Tian Ye, Dai Xin, Li Zhijun, Guo Hong, Mao Xiao
Academy of Forensic Science, Shanghai, China.
Shanghai Forensic Service Platform, Key Laboratory of Forensic Science, Ministry of Justice, Shanghai, China.
PLoS One. 2025 Sep 3;20(9):e0331574. doi: 10.1371/journal.pone.0331574. eCollection 2025.

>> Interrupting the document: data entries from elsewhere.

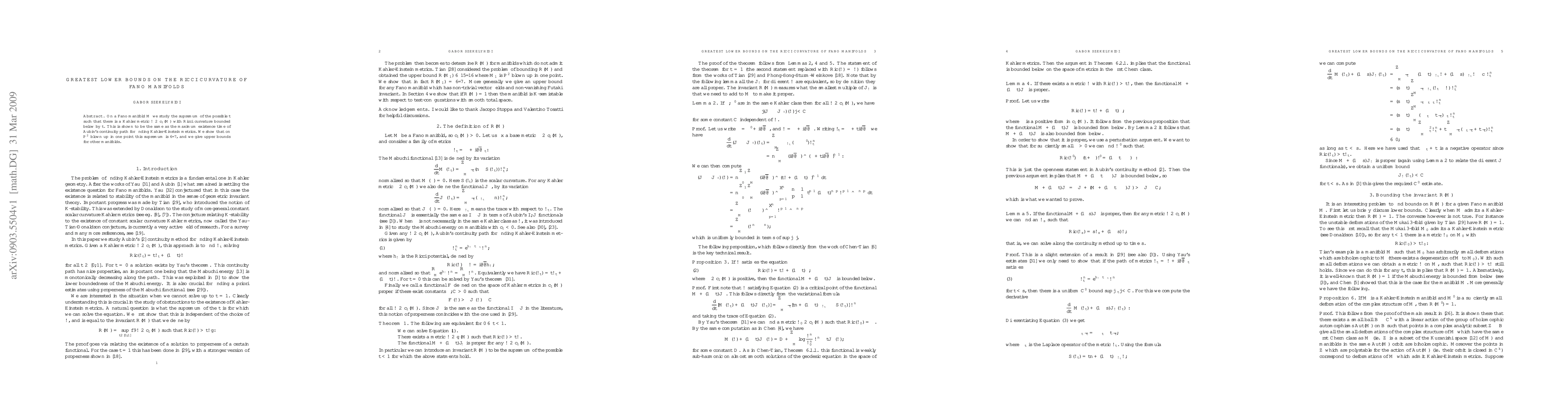 This paper investigates the greatest lower bounds of Ricci curvature for Fano manifolds, demonstrating that this bound equals the maximum existence time for Aubin's continuity path in finding Kähler-Einstein metrics. Specifically, it finds that the supremum for the projective plane blown up at one point is 6/7, and provides upper bounds for other Fano manifolds.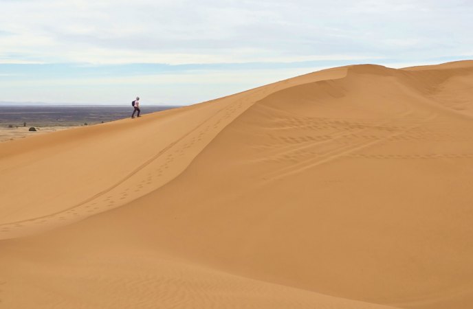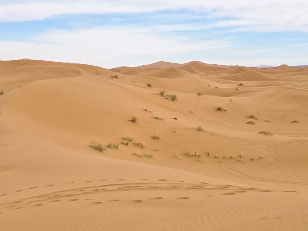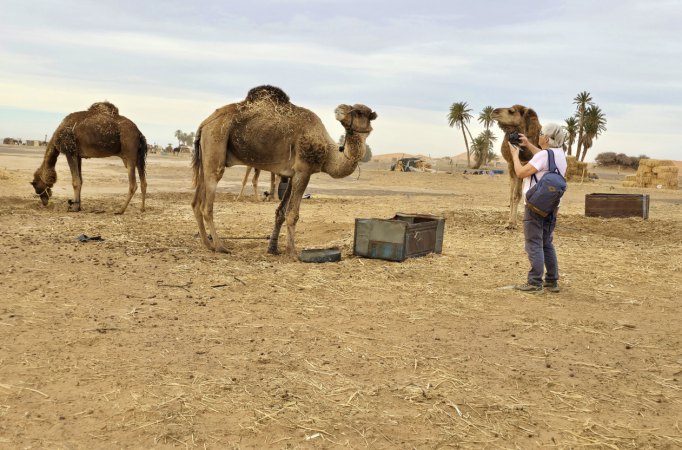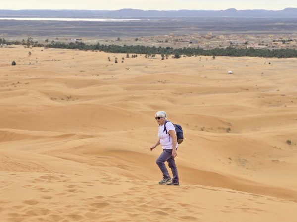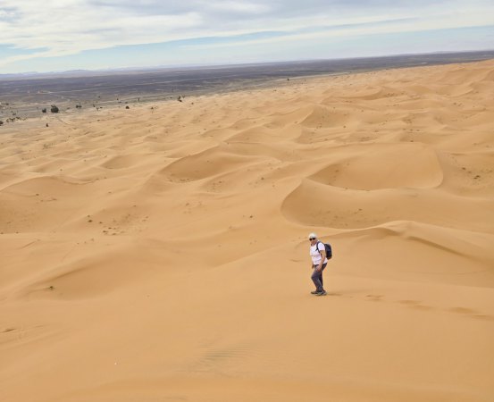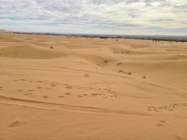 En milieu d'après-midi, nous arrivons près de Merzouga et allons au camping rustique "Océan des Dunes" (rustique car installations qui datent, mais tout est propre et l'eau chaude) où nous sommes très bien accueillis. On aime bien, il est situé à 2 pas de l'erg Chebi. En face du camping, les dromadaires attendent les touristes en mangeant ; une ligne de ketara s'étire (système d'irrigation traditionnel souterrain utilisé pour capter l'eau au pied de la dune). On n'a plus qu'à s'élancer à l'assaut de la plus grande dune. Comme le soleil est voilé, on ne transpire pas trop. Défi réussi ! Au retour une douche est bienvenue : on est un peu ensablés !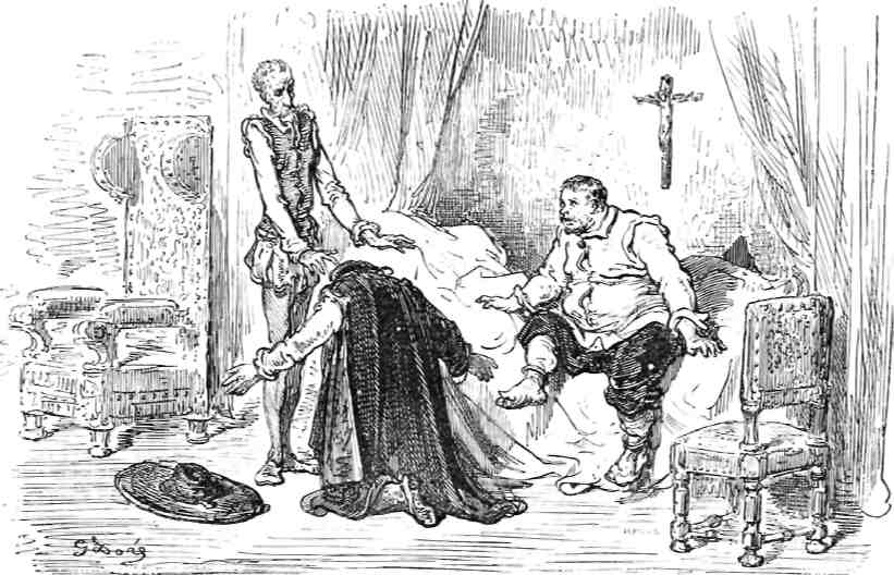 Пансой с ключницей и племянницей Дон Кихота, и о других забавных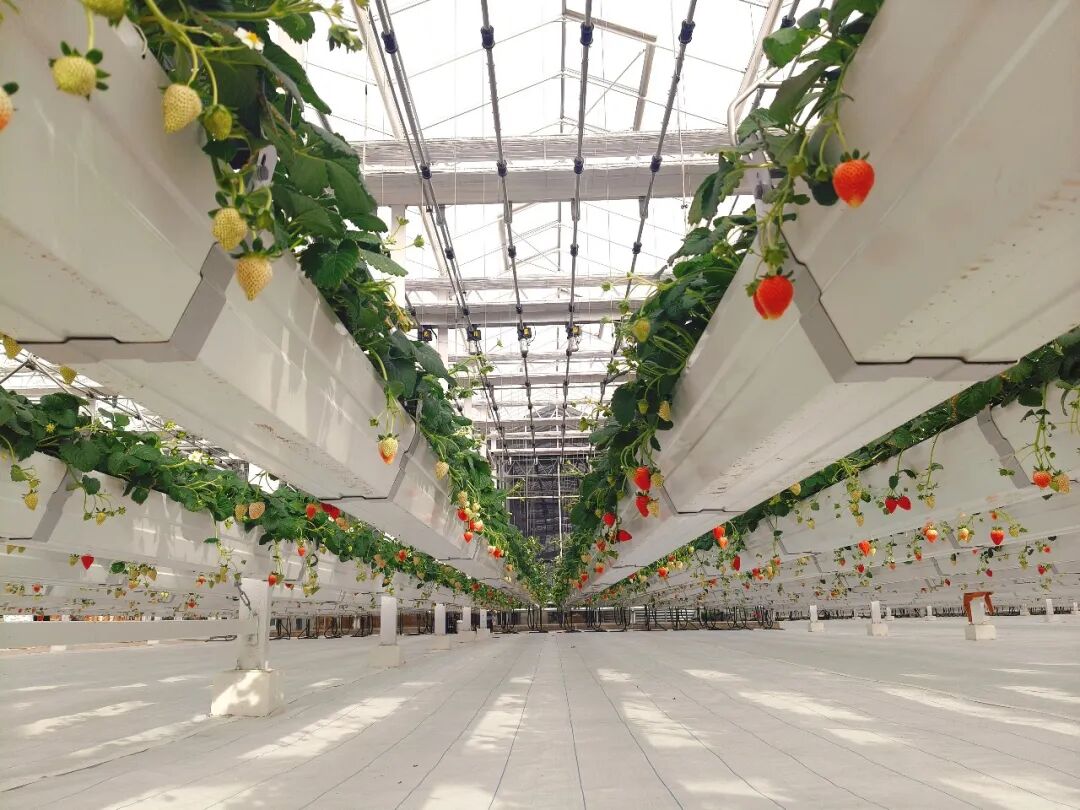 推门而入,草莓果香扑面而来,阳光透过温室洒下,洁净明亮的园区里,草莓天瀑顺势垂落,可塑拱形、梯形,层层叠叠、红绿相映,宛若流动的绿云红珠,兼具科技感与观赏性,一步一景皆是诗意与鲜甜。

With the widespread adoption of internet technologies and email communication systems, the exponential growth in email usage has precipitated a corresponding surge in spam proliferation. These unsolicited messages not only consume users' valuable time through information overload but also pose significant cybersecurity threats through malware distribution and phishing schemes, thereby jeopardizing both digital security and user experience. This emerging challenge underscores the critical importance of developing effective spam detection mechanisms as a cornerstone of modern cybersecurity infrastructure. Through empirical analysis of machine learning (ML) performance on publicly available spam datasets, we established that algorithmic ensemble methods consistently outperform individual models in detection accuracy. We propose an optimized stacking ensemble framework that strategically combines predictions from four heterogeneous base models (NBC, k-NN, LR, XGBoost) through meta-learner integration. Our methodology incorporates grid search cross-validation with hyperparameter space optimization, enabling systematic identification of parameter configurations that maximize detection performance. The enhanced model was rigorously evaluated using comprehensive metrics including accuracy (99.79%), precision, recall, and F1-score, demonstrating statistically significant improvements over both baseline models and existing solutions documented in the literature.
随着互联网技术和电子邮件通信系统的广泛采用,电子邮件使用量的指数级增长引发了垃圾邮件泛滥的相应激增。这些未经请求的消息不仅通过信息过载消耗用户的宝贵时间,还通过恶意软件传播和网络钓鱼计划构成重大的网络安全威胁,从而危及数字安全和用户体验。这一新兴挑战凸显了开发有效的垃圾邮件检测机制作为现代网络安全基础设施基石的至关重要性。通过对公开可用的垃圾邮件数据集上机器学习(ML)性能的实证分析,我们确定算法集成方法在检测准确性方面始终优于单个模型。我们提出了一个优化的堆叠集成框架,该框架通过元学习器集成策略性地结合了来自四个异构基础模型(朴素贝叶斯分类器、k近邻、逻辑回归、极端梯度提升)的预测。我们的方法将网格搜索交叉验证与超参数空间优化相结合,能够系统地识别使检测性能最大化的参数配置。使用包括准确率(99.79%)、精确率、召回率和F1分数在内的综合指标对增强后的模型进行了严格评估,结果表明与基线模型和文献中记录的现有解决方案相比有统计学上的显著改进。